— Да, почти каждый.
— И разве у тебя нет таланта? Аня говорила мне, что ты очень талантлив?
— Делаю, что могу. — Я смеюсь и зарываюсь носом в ямку у нее на шее. Но в такую рань Марианне и слышать не хочет ни о каких ласках. К тому же она спешит, говорит, что боится опоздать на трамвай.
— Спроси меня, что я думаю о Сельме Люнге, — говорит она, направляясь к двери.
— Что ты думаешь о Сельме Люнге?
— Думаю, она способна управлять человеком, у нее есть слова, к которым стоит прислушаться. Как раз теперь ты должен больше прислушиваться к ней, чем ко мне, Аксель.
Я говорю серьезно. Она видит тебя насквозь так же, как она видела Аню.

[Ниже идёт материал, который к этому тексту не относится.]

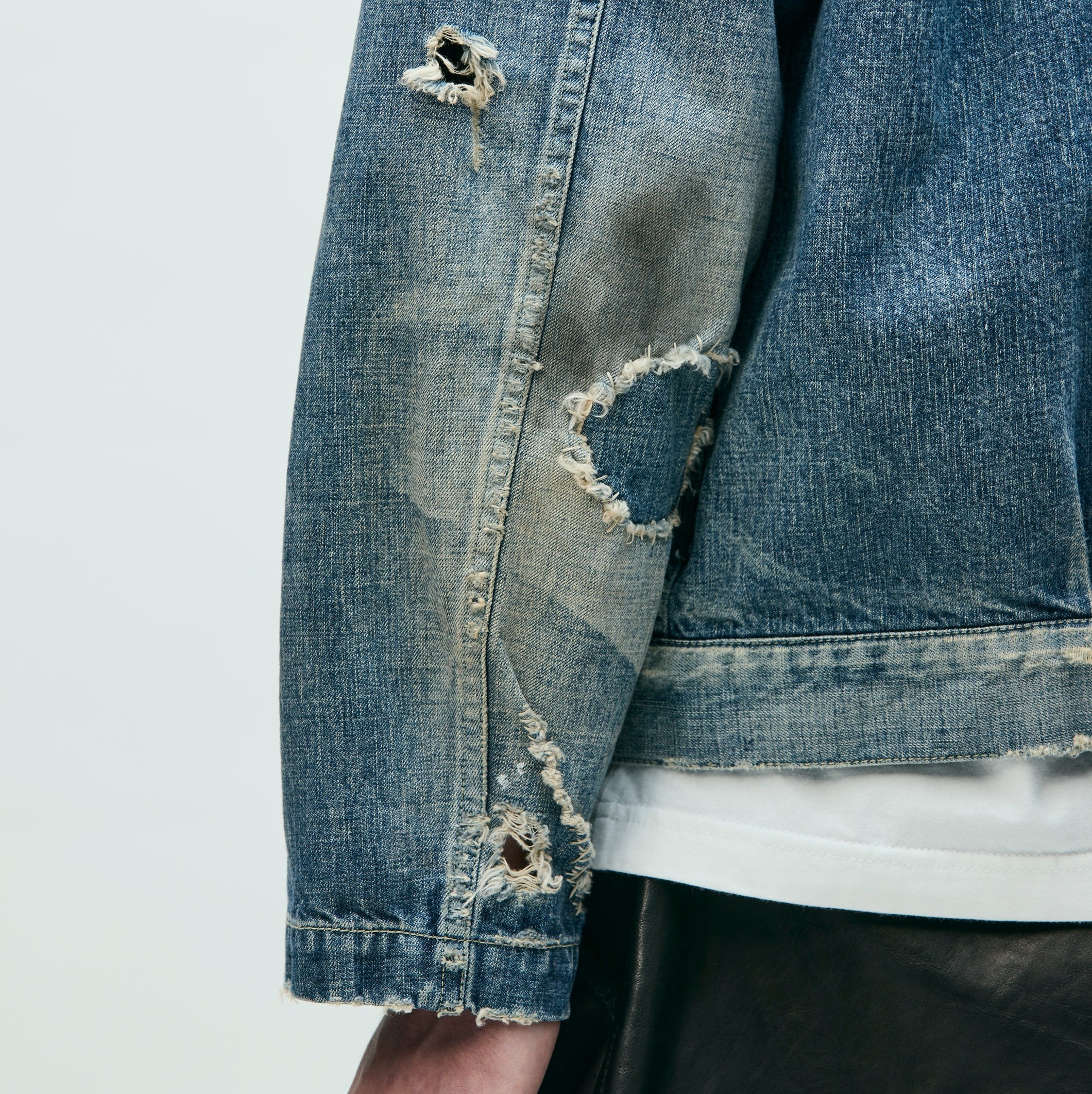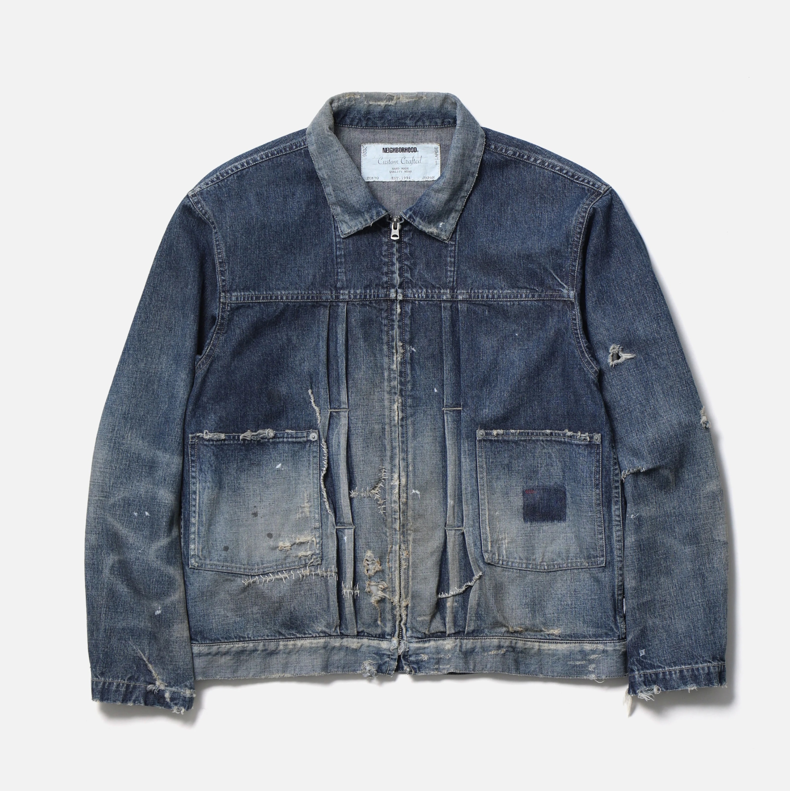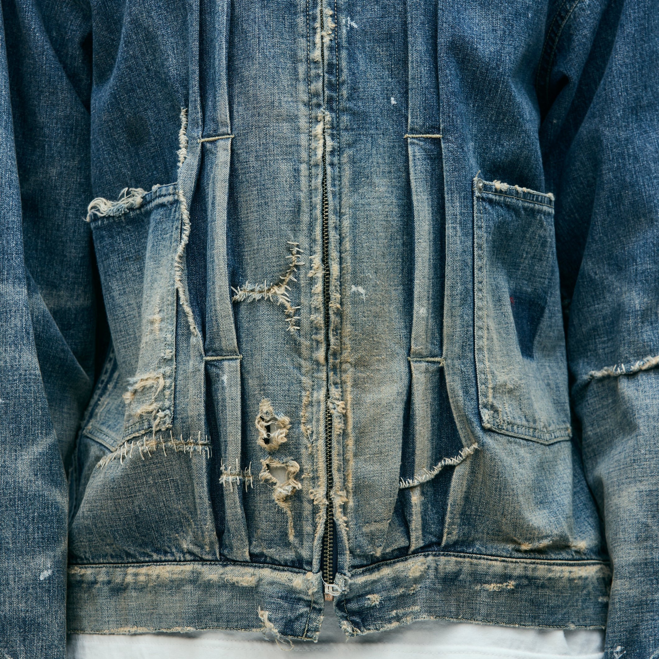 オリジナルの11ozデニム生地を使用したジップタイプのサベージデニムジャケット。手かがりリメイクや裏当て、各所ダメージ、ペンキ汚しなどの複合加工を施しリアルな経年変化を再現。オリジナルのジッパープル、リベットを採用。カスタムクラフテッドアイテム専用のサイズネームを配置。脇接ぎにピスネームを付属。MODEL:186cm / SIZE:L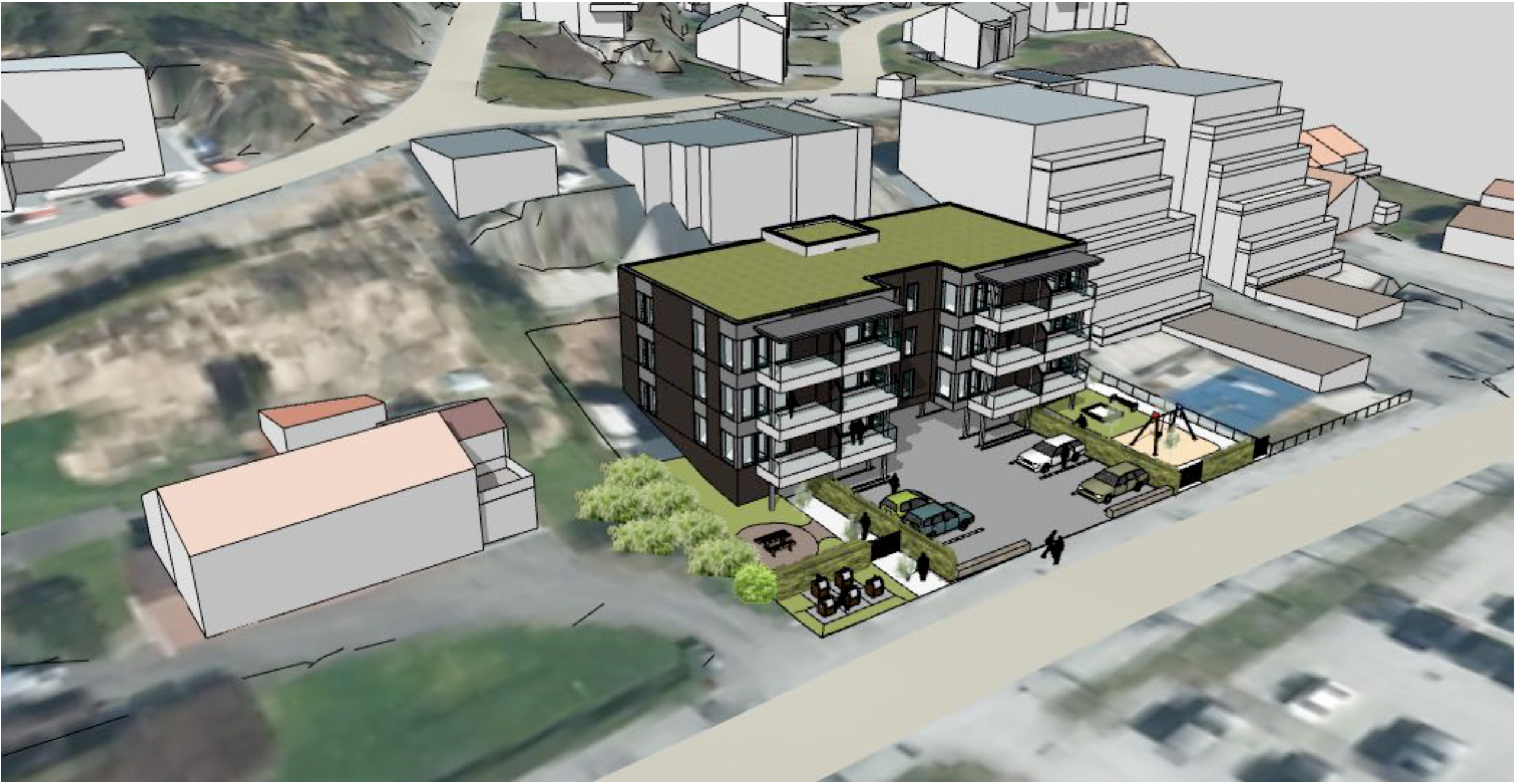 Slik vil det nye leilegheitskomplekset sjå ut, i alle fall i grove trekk, for alt er enno ikkje heilt på plass.

— А если я скажу, что предпочитаю, чтобы меня видела ты, а не она?
— То я тебе отвечу, что ты дурачок. Что тебе вредно здесь жить. Что ты должен немедленно отсюда уйти. Сельма Люнге обладает знаниями,Аксель. А знания очень важны. Я получила медицинское образование, когда Аня была еще маленькой. Это было трудно. Очень трудно. Тебя тоже ждет трудное время. Получать образование вообще нелегко. Скоро тебе будет столько же лет, сколько было Карсон Мак-Каллерс, когда она издала «Сердце — одинокий охотник». Подумай об этом. У тебя впереди гораздо меньше времени, чем ты думаешь. Путь от молодого и талантливого до стареющего и неинтересного — короток. Так во всех профессиях. Не позволяй себе отвлекаться на меня, понимаешь? Поэтому я не прихожу к тебе в любое время, как не пришла нынче ночью.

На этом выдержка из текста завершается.